While this is the cookbook I turn to whenever I want a new braai idea (and my cookbook of this summer), I’ve made a few of their recipes in the oven/stove when I’ve wanted a middle eastern flavored dish and they’ve all been a hit.
Dietary Notes: They split the book by ingredients and include an entire chapter dedicated to fruits and vegetables. So while the book is heavy on the animal protein, that first chapter has so many different and unique plant-based dishes good for a braai. Most recipes are gluten free.
Best For: Those who love Middle Eastern flavours and cooking over fire!
My favorite recipes: Chicken and Swiss Chard Fatayar.

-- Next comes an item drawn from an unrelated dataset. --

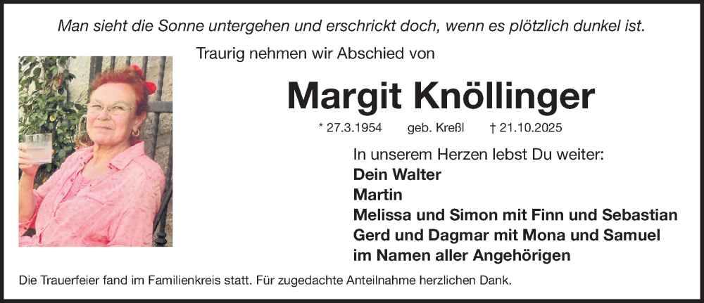 Hier finden Sie alle Traueranzeigen aus der Zeitung, die bisher für Margit Knöllinger erschienen sind. Weitere Traueranzeigen, die in der Zeitung erscheinen, werden hier ebenfalls aufgelistet

Read my full review and get the recipe for the whole burnt aubergine with egg yolk, tahini and chilli sauce here
Shelf Love by Ottolenghi
Shelf Love is the first cookbook in the Ottolenghi Test Kitchen Series. It is a collaboration between Yotam Ottolenghi and his supporting team of chefs that make up the Ottolenghi Test Kitchen. The recipes reflect each of their own cultures and food loves, from Middle Eastern flavors to baking to the latest trends in food and flavor. It draws inspiration from those forgotten ingredients found in your pantry and the back of your fridge. It is simpler than his cookbooks, but the recipes still have that unmistakable Ottolenghi flavour.
Dietary Notes: This is heavily plant-based but does include the occasional animal protein.
Best For: Anyone who has random ingredients they bought for one recipe they don’t know how to use up.
My favorite recipes: Sweet potato shakshuka and rice koofteh in spiced tomato sauce
Read my full review and get the recipe for the sweet potato shakshuka here
What was your best cookbook of 2021?